Представление об Октябрьской революции как о «бумажной революции» неоднократно рассматривалось обеими сторонами. Обе опирались на дискуссию, предшествовавшую смене власти, в которой виляние нерешительных бюрократов противопоставлялось действиям решительных революционеров. 22 октября большевистский «Рабочий путь» отметил, что эсеры ответили на планы большевиков начать действовать 25 октября призывами к разработке предпроектов в различных подкомиссиях: «большевики стоят за решительные меры, а эсеры обещают все уладить тихой стряпней проектиков»[108]
.После смены власти страницы «Правды» и «Социал-демократа» пестрели декретами и прокламациями большевистского правительства и II съезда Советов в качестве яркого доказательства того, что новая власть выгодно отличается от неэффективной власти Временного правительства и развила кипучую деятельность. Один из первых декретов новой власти, Декрет о земле был обнародован в заголовке на первой полосе «Правды» от 28 октября. Газета отдельно указала, что декрет был подписан в два часа утра 26 октября[109]
. Меньшевики проводили аналогии между этим всплеском большевистской активности и ранними заявлениями Временного правительства. Большевистские списки вновь назначенных министров, писала «Рабочая газета», это «пустая бумажка, ибо новоявленные гг. “министры” попросту не могут взять государственную власть. Она ускользает из их рук – потому что вокруг них – пустота, созданная ими самими, потому что они изолированы от всех»[110]. В «Новой жизни» было опубликовано стихотворение, атаковавшее безыдейность большевистской власти, которое заканчивалось такими строчками: «В пресеченье реакции, / Совещаются фракции. /…Но не бойтесь реакции, / Совещаются фракции!»[111] Большевики возражали: их декреты вовсе не были «бумажными декретами, резолюциями “без силы и значения”» – они возымеют реальный эффект по мере того, как «будет расти сила революционной власти»[112].Социалистические оппоненты нового правительства были стеснены в критике. В то время как эсеры утверждали, что большевики украли их земельную программу, меньшевики отказывали большевикам в звании законных наследников российской социал-демократии. В эти первые дни они предпочитали избегать открытого конфликта с большевистскими лидерами, надеясь на то, что результаты новой политики приведут к разочарованию рабочих. В то же время меньшевики, как и до Октября, продолжали утверждать, что вероятным результатом любого захвата власти большевиками станет гражданская война. Статьи меньшевистских идеологов, написанные сразу после октябрьских событий, говорили о том, что выжидательная позиция может оказаться не лучшим вариантом для России. «Заговор большевиков, – писала «Рабочая газета», – если он не будет в кратчайший срок ликвидирован средствами самого рабочего класса, грозит ввергнуть страну в ужас гражданской войны, равной которой по жестокости и кровопролитию не знала, быть может, первая»[113]

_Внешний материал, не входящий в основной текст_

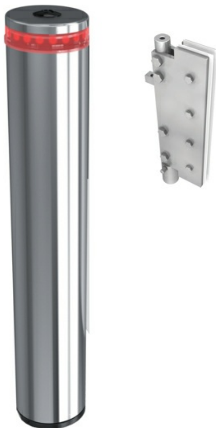
Фото Турникет-калитка моторизованная WING 40 CAME 001PSWNG40-CUSTOM

Отправьте запрос на коммерческое предложение и получите индивидуальные цены и сроки поставки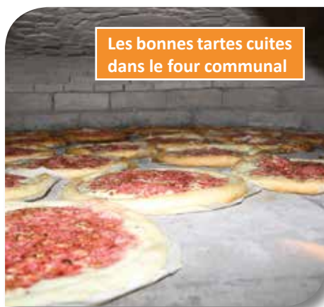
Les bonnes tartes cuites dans le four communal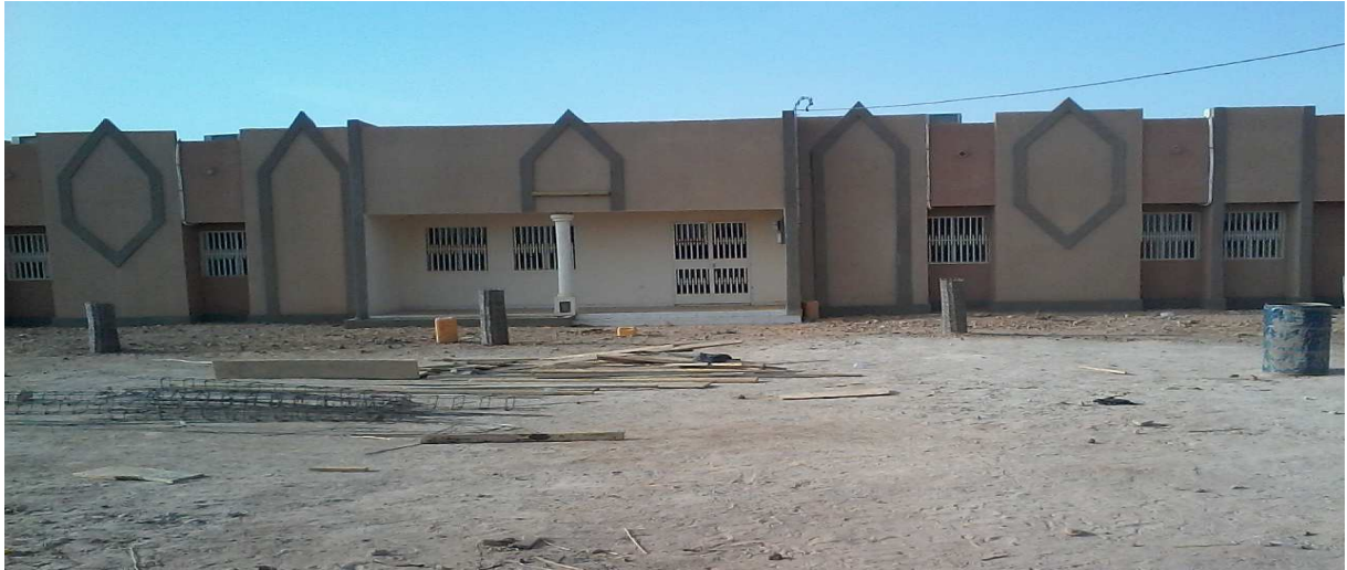
Etat de l'ouvrage à la finition

Sous la conduite du Directeur Régionale de l'Urbanisme et du Logement, nous avons visité le chantier de réhabilitation du gouvernorat. Les ouvrages photographiés se présentent comme suit :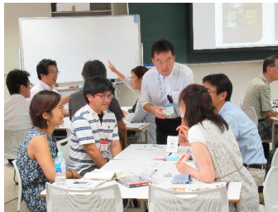
3101C 学生の学ぶ意欲を引き出す 授業とは？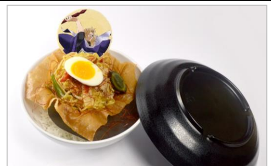
間仲の禁鞭塩焼きそば (980円)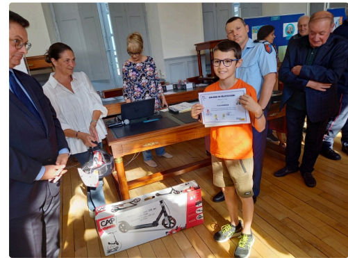
Des cadeaux plein les bras.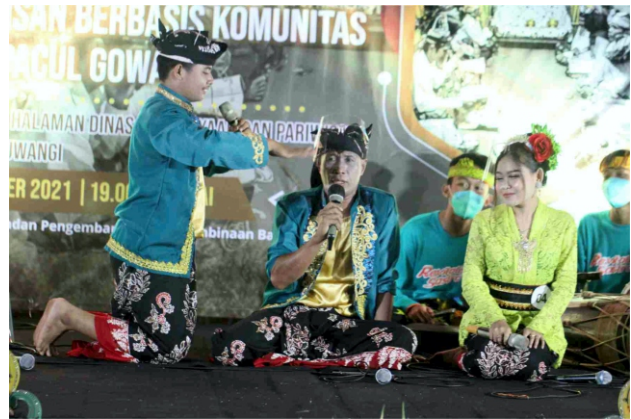
Peserta nomer penampilan 04 Gandrung Arum Cluring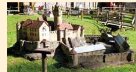
Ronneburg nördlich von Hanau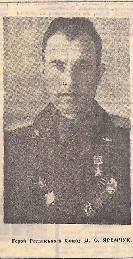
Герой Радянського Союзу Д. О. ЯРЕМЧУК.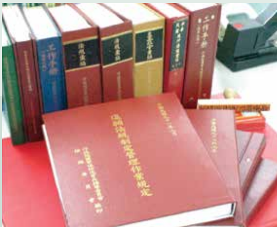
為因應行政程序法，法規會編訂退輔法規制定管理作業規定以供同仁參考。

行前，行政機關依中央法規標準法第7條訂定之命令，須以法律規定或以法律明列其授權依據者，應於本法施行後一年內，以法律規定或以法律明列其授權依據後修正或訂定；逾期失效。」其立法目的係在督促行政機關通盤檢視未具法律授權之職權命令是否有限制人民權利義務等情，以避免違反法律保留原則。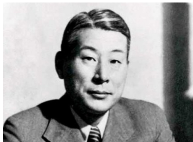
Chiune Sugihara (1900-1986)

W 1985 r. przyznano mu odznaczenie Yad Vashem.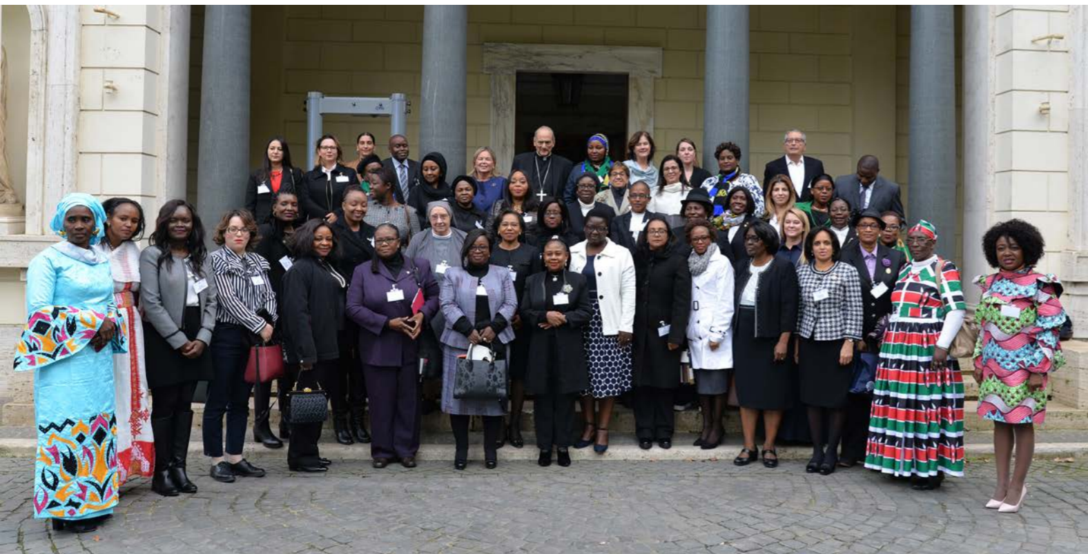
THE FIRST SUMMIT OF AFRICAN WOMEN JUDGES & PROSECUTORS ON HUMAN TRAFFICKING AND ORGANISED CRIME 12-13 DECEMBER 2018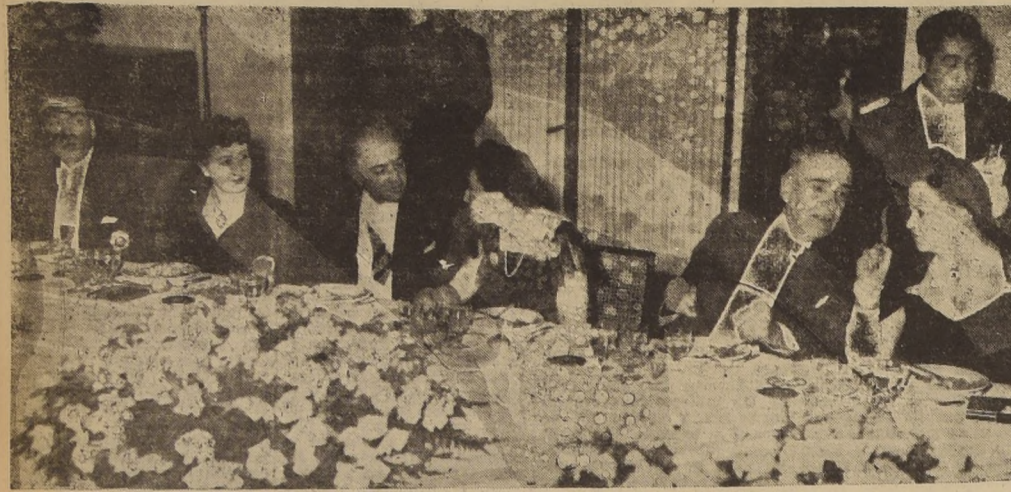
Un aspecto del Gran Comedor durante el banquete ofrecido por el señor Ministro de Relaciones Exteriores don Joaquín Fernández en honor del Excmo. señor Embajador de Colombia, don Agustín Nieto Caballero y señora, durante el cual recibió la condecoración al Mérito en el grado de Gran Cruz, que le otorgara nuestro Gobierno.

. В итоге меньшевики и другие оппоненты утверждали, что сам переворот был не чем иным, как гражданской войной[114].Предстоящее Учредительное собрание, наконец-то назначенное на 5 января 1918 года после неоднократных переносов, казалось бы, должно было стать идеальной сценой для противостояния легитимности большевистской власти. Видные либералы осудили саму идею Учредительного собрания как легитимной площадки в послеоктябрьской России. Либеральный историк и член Центрального комитета партии кадетов Петр Струве утверждал, что созыв Учредительного собрания был навязан угрозами «опьяневших “революционеров” и обезумевших солдат» [Струве 1917: 58]. Однако социалисты не хотели использовать Собрание как возможность публично делегитимизировать большевиков, несмотря на то что на выборах в него эсеры набрали на шесть миллионов голосов больше, а лидеры меньшевиков, хоть и получили лишь малую часть голосов, были отлично подготовлены к яростным открытым дебатам [Radkey 1990:18]. Как отметил Леопольд Хеймсон, лидер эсеров Чернов взял на Собрании примирительный тон, и только Церетели, больше не являвшийся лидером меньшевиков, открыто критиковал законность претензий большевиков на революционную власть [Haimson 1980: 462–483]. Возможно, они не хотели публично присоединяться к несоциалистам в критике большевистского режима. Более того, народная поддержка Учредительного собрания выглядела в лучшем случае неубедительной: ни расстрел демонстрантов на улицах, ведущих к Таврическому дворцу 5 января, ни даже принудительный разгон Учредительного собрания большевиками днем позже не вызвали массовых протестов ни со стороны рабочих, ни со стороны крестьян[115]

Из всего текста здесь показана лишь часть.